▶ EXERCISE INPUT:
○ ○ ○ ○
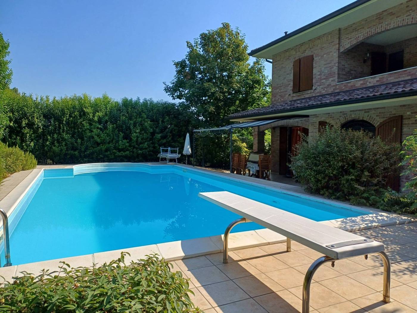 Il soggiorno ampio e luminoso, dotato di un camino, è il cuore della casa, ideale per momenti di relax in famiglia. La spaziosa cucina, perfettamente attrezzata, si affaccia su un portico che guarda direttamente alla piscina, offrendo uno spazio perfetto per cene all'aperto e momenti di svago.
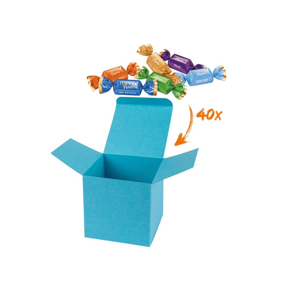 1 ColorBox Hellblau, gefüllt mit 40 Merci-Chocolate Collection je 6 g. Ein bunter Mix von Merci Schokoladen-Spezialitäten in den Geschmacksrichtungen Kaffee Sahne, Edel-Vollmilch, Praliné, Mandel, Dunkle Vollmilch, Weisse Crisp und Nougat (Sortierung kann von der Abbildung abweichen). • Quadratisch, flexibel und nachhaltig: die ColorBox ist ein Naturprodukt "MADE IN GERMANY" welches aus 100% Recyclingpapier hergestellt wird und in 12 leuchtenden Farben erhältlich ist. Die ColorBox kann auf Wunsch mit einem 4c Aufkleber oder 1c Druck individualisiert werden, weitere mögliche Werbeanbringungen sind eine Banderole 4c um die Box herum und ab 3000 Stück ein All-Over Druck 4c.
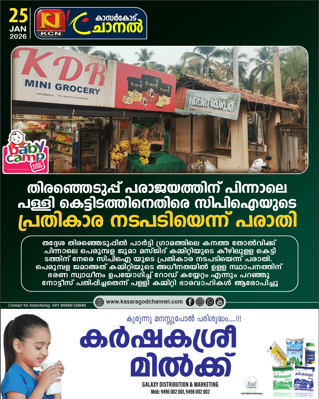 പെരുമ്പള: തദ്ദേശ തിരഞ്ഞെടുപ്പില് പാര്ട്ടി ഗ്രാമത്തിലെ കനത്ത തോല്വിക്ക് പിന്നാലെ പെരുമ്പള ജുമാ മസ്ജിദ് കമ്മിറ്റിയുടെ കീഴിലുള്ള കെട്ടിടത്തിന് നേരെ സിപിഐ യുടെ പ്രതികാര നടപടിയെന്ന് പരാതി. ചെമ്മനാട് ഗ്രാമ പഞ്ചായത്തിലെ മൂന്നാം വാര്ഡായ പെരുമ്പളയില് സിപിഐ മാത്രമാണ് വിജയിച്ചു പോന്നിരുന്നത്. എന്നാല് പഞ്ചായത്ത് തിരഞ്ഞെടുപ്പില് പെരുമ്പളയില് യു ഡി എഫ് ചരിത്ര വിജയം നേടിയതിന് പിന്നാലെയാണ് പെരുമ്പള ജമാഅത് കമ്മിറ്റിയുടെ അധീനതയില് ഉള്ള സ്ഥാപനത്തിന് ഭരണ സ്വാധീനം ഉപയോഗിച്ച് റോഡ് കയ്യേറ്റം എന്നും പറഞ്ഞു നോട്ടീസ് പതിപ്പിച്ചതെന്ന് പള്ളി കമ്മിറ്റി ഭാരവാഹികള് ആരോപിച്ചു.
○ ○ ○ ○
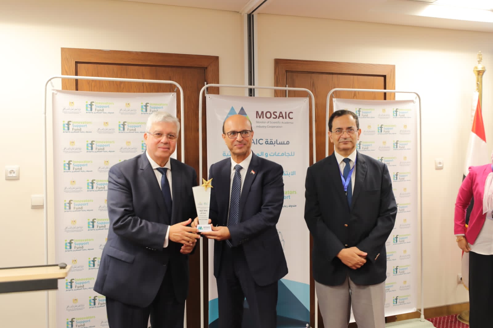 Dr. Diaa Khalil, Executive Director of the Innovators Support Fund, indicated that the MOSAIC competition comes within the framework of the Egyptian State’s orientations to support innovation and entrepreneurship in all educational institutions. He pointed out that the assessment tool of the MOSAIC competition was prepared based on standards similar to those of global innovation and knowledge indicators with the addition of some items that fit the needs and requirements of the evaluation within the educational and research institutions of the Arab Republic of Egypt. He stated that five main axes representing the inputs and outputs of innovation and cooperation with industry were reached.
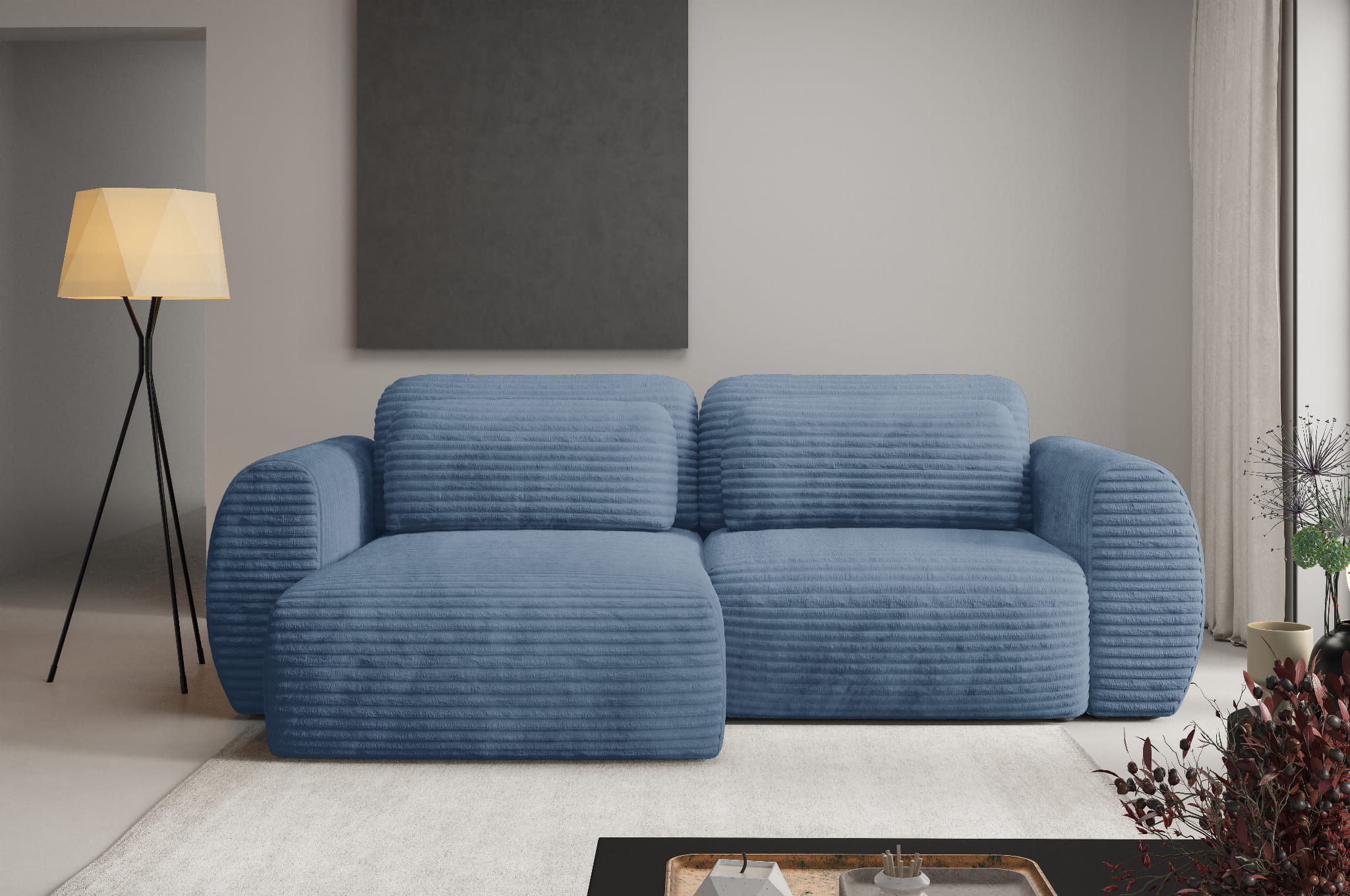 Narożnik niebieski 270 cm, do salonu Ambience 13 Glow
○ ○ ○ ○
Within the data above, repeat exactly the lines from the one bearing "Il soggiorno ampio" through the one bearing "പെരുമ്പള: തദ്ദേശ തിരഞ്ഞെടുപ്പില്". Include no pictures and nothing else.

 Il soggiorno ampio e luminoso, dotato di un camino, è il cuore della casa, ideale per momenti di relax in famiglia. La spaziosa cucina, perfettamente attrezzata, si affaccia su un portico che guarda direttamente alla piscina, offrendo uno spazio perfetto per cene all'aperto e momenti di svago.
 1 ColorBox Hellblau, gefüllt mit 40 Merci-Chocolate Collection je 6 g. Ein bunter Mix von Merci Schokoladen-Spezialitäten in den Geschmacksrichtungen Kaffee Sahne, Edel-Vollmilch, Praliné, Mandel, Dunkle Vollmilch, Weisse Crisp und Nougat (Sortierung kann von der Abbildung abweichen). • Quadratisch, flexibel und nachhaltig: die ColorBox ist ein Naturprodukt "MADE IN GERMANY" welches aus 100% Recyclingpapier hergestellt wird und in 12 leuchtenden Farben erhältlich ist. Die ColorBox kann auf Wunsch mit einem 4c Aufkleber oder 1c Druck individualisiert werden, weitere mögliche Werbeanbringungen sind eine Banderole 4c um die Box herum und ab 3000 Stück ein All-Over Druck 4c.
 പെരുമ്പള: തദ്ദേശ തിരഞ്ഞെടുപ്പില് പാര്ട്ടി ഗ്രാമത്തിലെ കനത്ത തോല്വിക്ക് പിന്നാലെ പെരുമ്പള ജുമാ മസ്ജിദ് കമ്മിറ്റിയുടെ കീഴിലുള്ള കെട്ടിടത്തിന് നേരെ സിപിഐ യുടെ പ്രതികാര നടപടിയെന്ന് പരാതി. ചെമ്മനാട് ഗ്രാമ പഞ്ചായത്തിലെ മൂന്നാം വാര്ഡായ പെരുമ്പളയില് സിപിഐ മാത്രമാണ് വിജയിച്ചു പോന്നിരുന്നത്. എന്നാല് പഞ്ചായത്ത് തിരഞ്ഞെടുപ്പില് പെരുമ്പളയില് യു ഡി എഫ് ചരിത്ര വിജയം നേടിയതിന് പിന്നാലെയാണ് പെരുമ്പള ജമാഅത് കമ്മിറ്റിയുടെ അധീനതയില് ഉള്ള സ്ഥാപനത്തിന് ഭരണ സ്വാധീനം ഉപയോഗിച്ച് റോഡ് കയ്യേറ്റം എന്നും പറഞ്ഞു നോട്ടീസ് പതിപ്പിച്ചതെന്ന് പള്ളി കമ്മിറ്റി ഭാരവാഹികള് ആരോപിച്ചു.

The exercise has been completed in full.